松浦さんが、的確なアドバイスや指示をしてくれるからだ。
ここは……今までの恩を返すべきか。
それに……嬉しくないといったら嘘になる。
「……わかりました。ええ、良いですよ。だだ、条件があります」
俺は誰かに聞かれぬように、松浦さんの耳元で囁く。
「たまになら付き合います……そして、これは2人だけの秘密です。良いですね?」
「は、はぃ……あぅぅ……」
あれ?なんでだ?
どうして顔が赤くなる?
ただ単に、他の奴らに知られると面倒なだけなのだが。
「あ、あのぅ〜?」
「も、もぅ……み、水戸君ったら!そんなところもあるのね!」
そう言い残し給湯室から出て行った。
はて? 何か間違ったことをしただろうか……?
とりあえず眠い……頭が重い……ここで寝よ。
俺は眼鏡を外して、椅子に座った。
そして……すぐに眠気がやってくる。
その後30分ほど寝れた俺は、なんとか午前中の仕事をこなすことが出来た。
そして昼休み間際になって、部屋の中に冷え切った声が響き渡る。
「小野君……これ、間違ってたわよ」
小野君か……2年目の男性社員だな。
慣れてきて、1番仕事のミスが増える頃だよな。
「え……?あっ——!?す、すみません!」
「商品を送る住所を打ち間違えるなんて……私がたまたま気づいたけど、下手したらクレーム案件よ?」
……どうやら、注文された商品を送る住所を打ち間違えたようだな。
これは違う場所に届いてしまうから、あまりよろしくないミスだ。
「す、すみません!」
これは……キツイのが出そうな予感。
「……幸い、今回は事前に気づくことが出来たわ。
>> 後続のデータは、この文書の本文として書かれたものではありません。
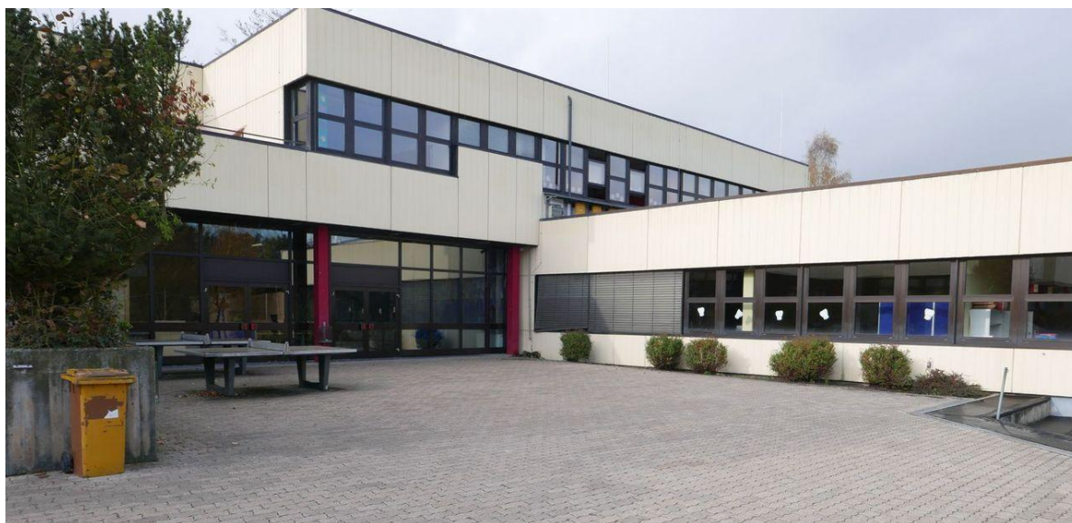
Pausenhof – obere Ebene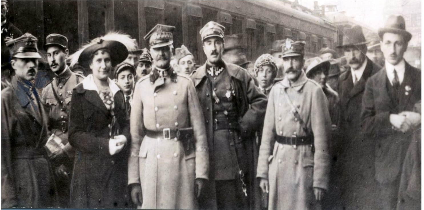
Delegacja polska na rokowania ryskie, w środku gen. Mieczysław Kuliński

https://przystanekhistoria.pl/pa2/tematy/granice/76151,Traktat-ktory-nie-zadowalal-zadnej-ze-stron.html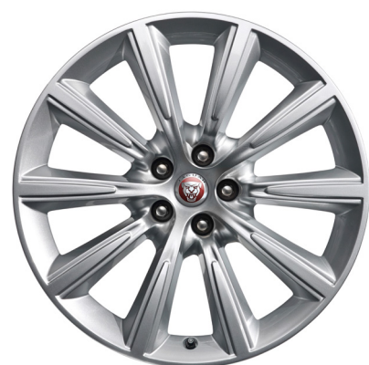
Jantes de 19 po à 10 rayons (Style 1026)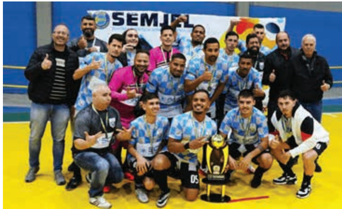
Equipe da Santa Casa foi a vice-campeã em 2022

A cerimônia de abertura do torneio contará com a apresentação das 22 equipes, entrada dos atletas em quadra e execução dos hi-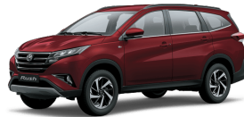
Dark Red M.M. (3Q3) *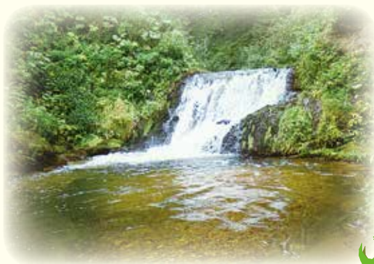
国後島 ウエンコタン川第二滝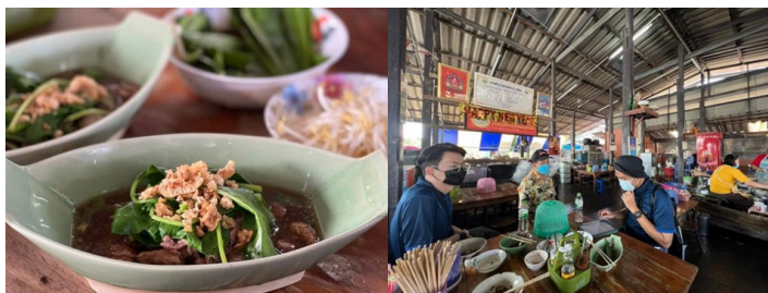
ภาพที่ 7 ก๋วยเตี๋ยวเรือนายเลิศ คลองหนึ่ง ริมคลองรังสิตประยูรศักดิ์ รสชาติดั้งเดิมมากกว่า 40 ปี

次からは気をつけなさい。たかがデータ入力と侮ってはいけないわ。これも大事な仕事だし、誰にも出来そうに見えるけど忍耐や集中力を必要とします。こまめにチェックし、休憩などを取りつつ、仕事に取り組みなさい」
「は、はい!今回は申し訳ありでした!以後、気をつけます!」
……うん?なんか、口調がいつもより柔らかい気が。
「ねえねえ、なんか係長機嫌よくない?」
「わかるー、私も今日はそんなに怒られなかったー」
「俺は怒られたけど……たしかに、いつもより怖くなかったような……?」
「なんか、良いことでもあったのかなー?」
……これは……俺か……?
いやいや……自惚れすぎだろ!
……まあ、いいや。
さっさと終わらせて昼飯食おう。